-- Opening Marker --

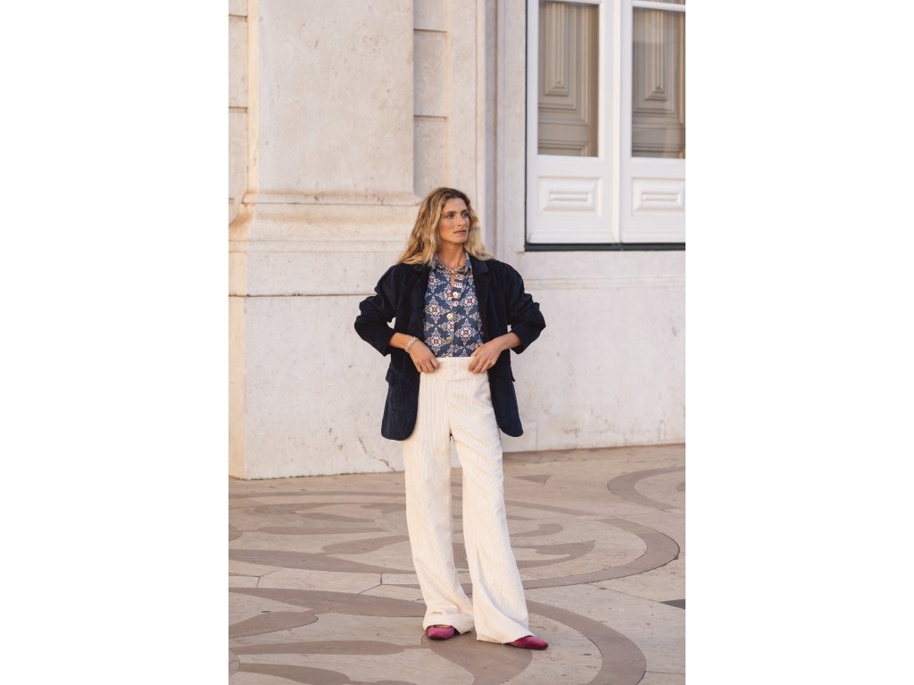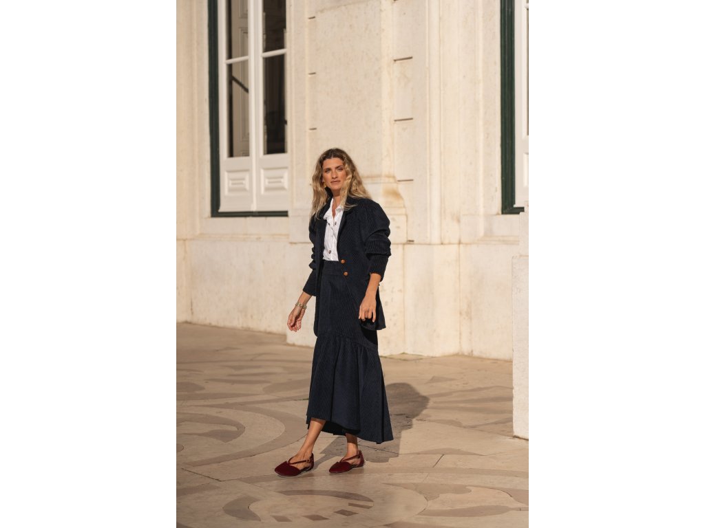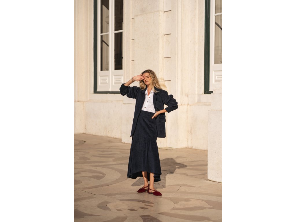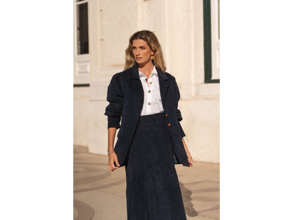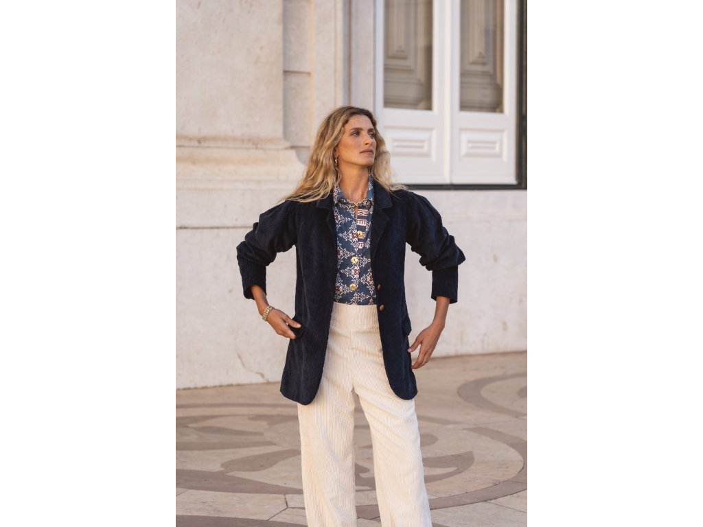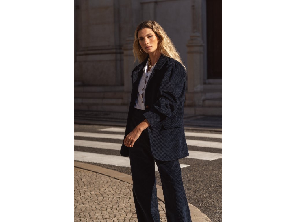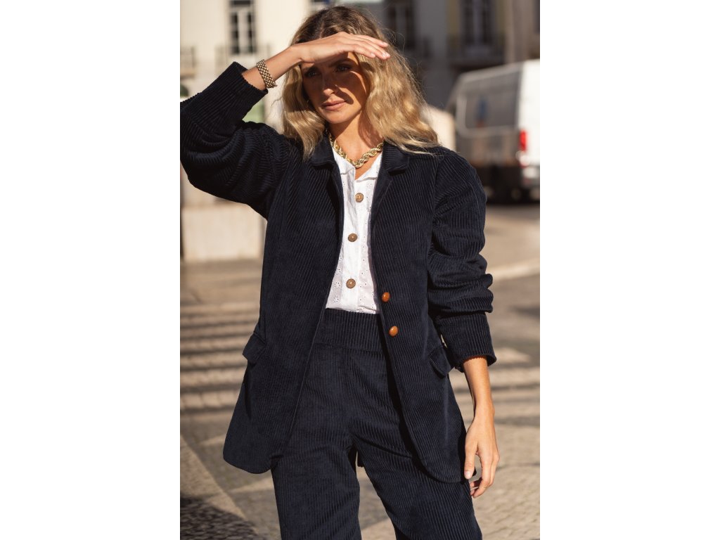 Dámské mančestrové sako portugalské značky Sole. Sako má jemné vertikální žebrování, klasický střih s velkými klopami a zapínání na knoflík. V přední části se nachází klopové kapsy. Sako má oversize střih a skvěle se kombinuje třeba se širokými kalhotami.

-- Closing Marker --
-- Opening Marker --

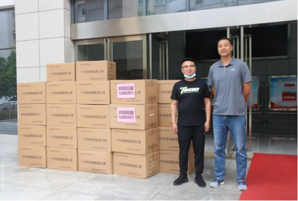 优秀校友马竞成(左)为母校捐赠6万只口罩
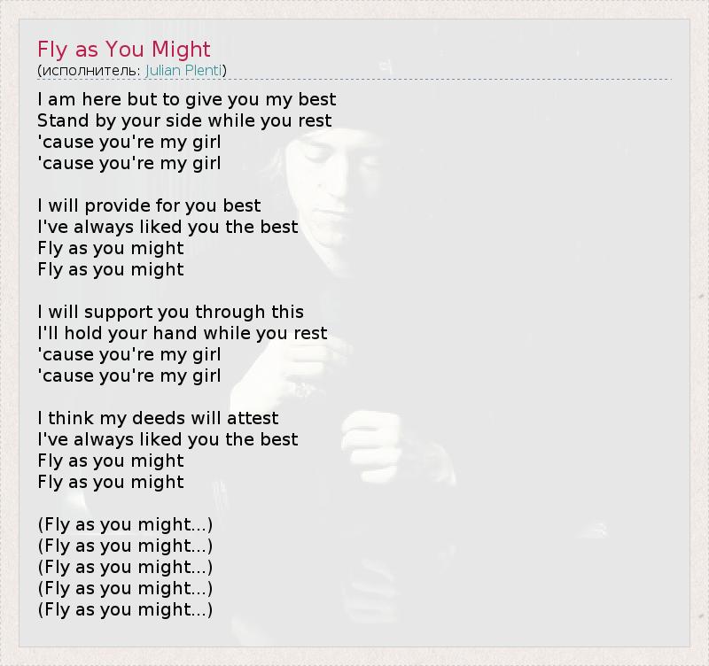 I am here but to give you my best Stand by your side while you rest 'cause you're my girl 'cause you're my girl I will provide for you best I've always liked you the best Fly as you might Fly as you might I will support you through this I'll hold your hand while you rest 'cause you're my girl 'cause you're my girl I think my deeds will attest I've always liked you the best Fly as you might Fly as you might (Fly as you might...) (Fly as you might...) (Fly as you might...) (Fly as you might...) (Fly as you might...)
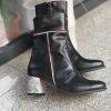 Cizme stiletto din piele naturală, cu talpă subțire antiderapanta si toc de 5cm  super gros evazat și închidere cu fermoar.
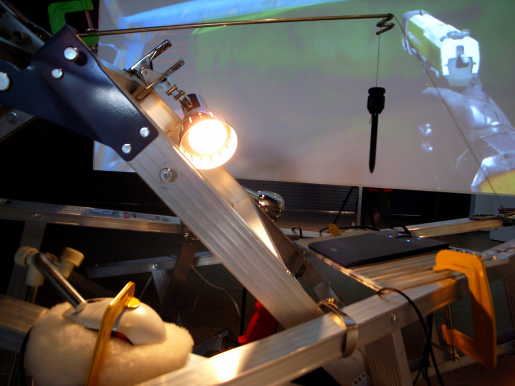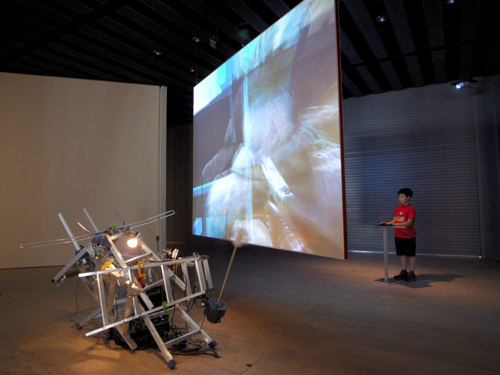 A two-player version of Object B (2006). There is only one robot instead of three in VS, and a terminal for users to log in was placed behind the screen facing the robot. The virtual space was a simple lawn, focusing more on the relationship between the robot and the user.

-- Closing Marker --
-- Opening Marker --

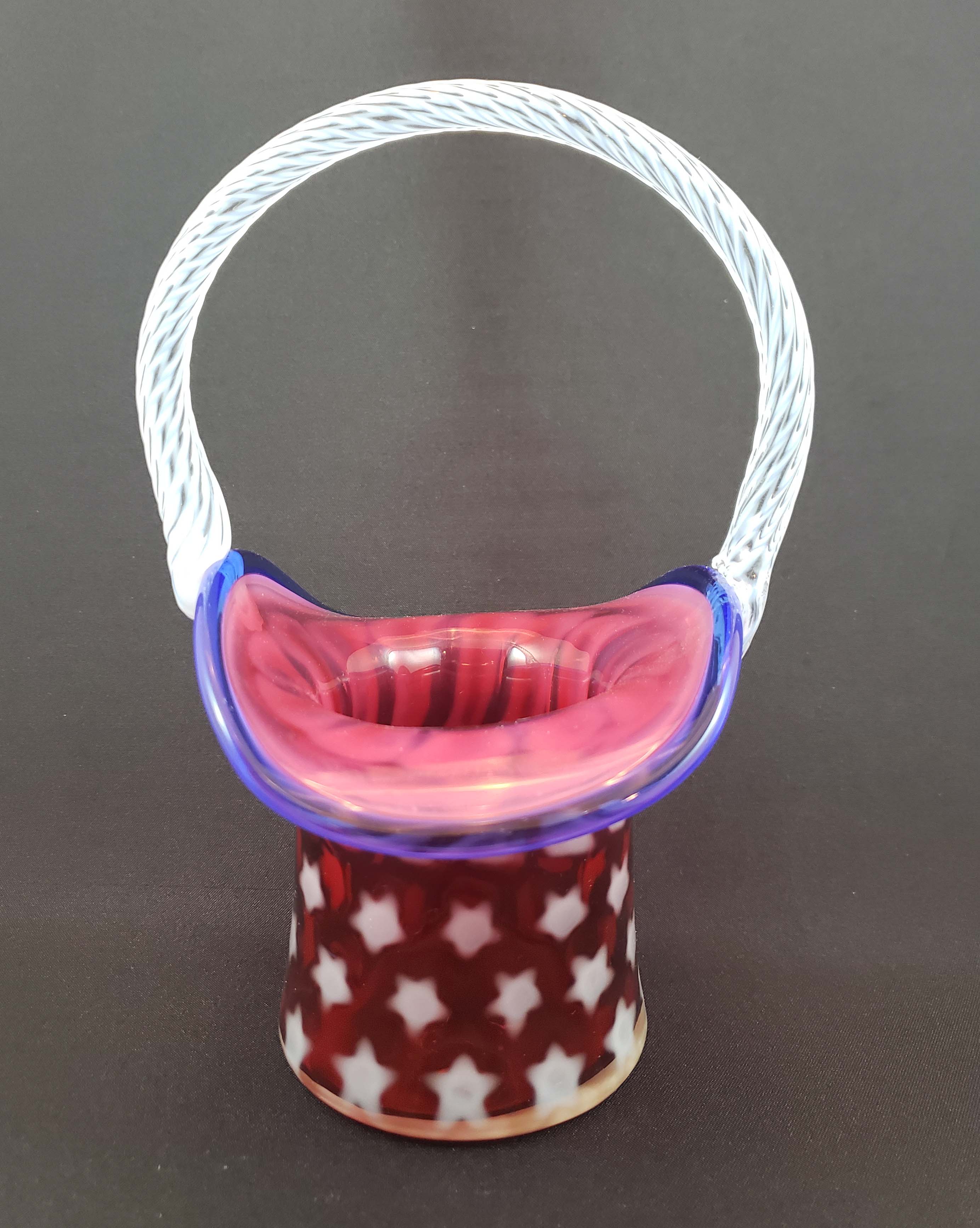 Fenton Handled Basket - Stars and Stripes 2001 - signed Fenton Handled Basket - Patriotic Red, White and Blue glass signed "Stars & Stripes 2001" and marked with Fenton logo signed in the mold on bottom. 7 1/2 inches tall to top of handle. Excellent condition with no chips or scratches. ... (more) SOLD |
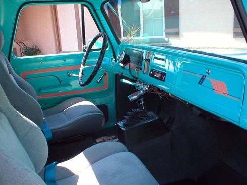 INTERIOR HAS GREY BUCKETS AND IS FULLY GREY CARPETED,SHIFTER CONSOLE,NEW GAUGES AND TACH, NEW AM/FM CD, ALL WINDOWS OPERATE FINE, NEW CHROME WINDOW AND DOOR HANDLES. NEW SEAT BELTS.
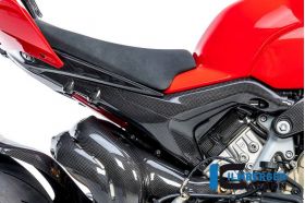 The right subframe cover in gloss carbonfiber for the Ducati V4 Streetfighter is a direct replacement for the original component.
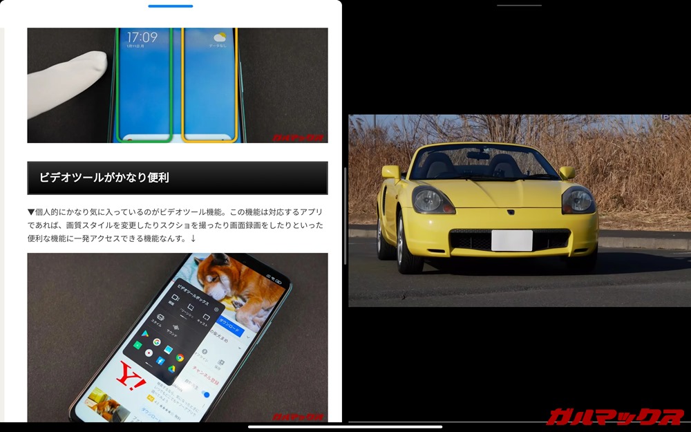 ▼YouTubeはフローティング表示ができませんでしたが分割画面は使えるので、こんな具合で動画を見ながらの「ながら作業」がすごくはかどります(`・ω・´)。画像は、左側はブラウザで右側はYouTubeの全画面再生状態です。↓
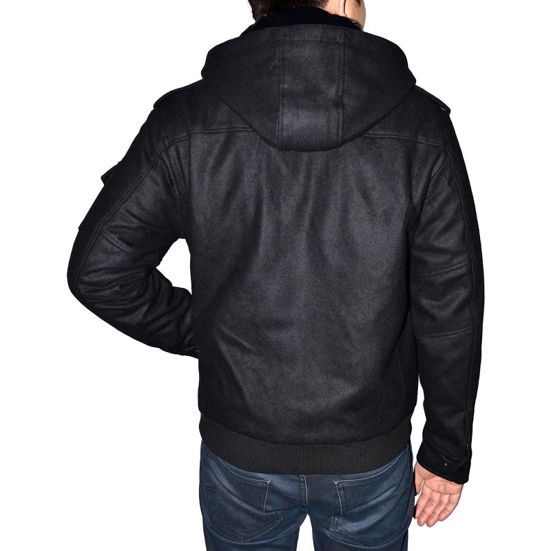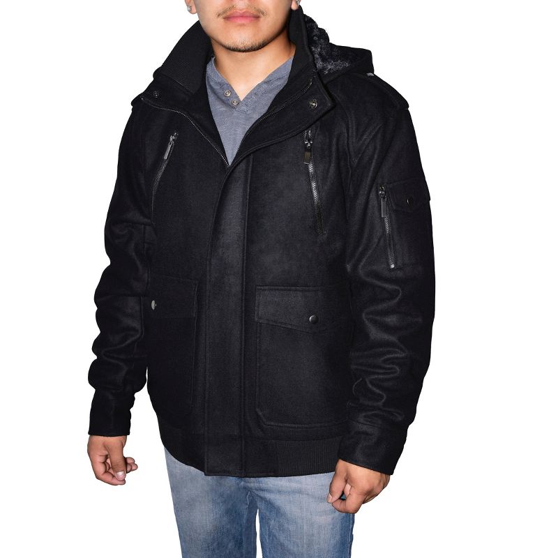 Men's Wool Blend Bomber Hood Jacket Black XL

-- Closing Marker --

→ How to complete this task
In the listing above, find the line with "The right subframe" and output every line through the one with "Men's Wool Blend Bomber Hood Jacket Black XL", exactly, without the pictures.

→ Completed task
 The right subframe cover in gloss carbonfiber for the Ducati V4 Streetfighter is a direct replacement for the original component.
 ▼YouTubeはフローティング表示ができませんでしたが分割画面は使えるので、こんな具合で動画を見ながらの「ながら作業」がすごくはかどります(`・ω・´)。画像は、左側はブラウザで右側はYouTubeの全画面再生状態です。↓
 Men's Wool Blend Bomber Hood Jacket Black XL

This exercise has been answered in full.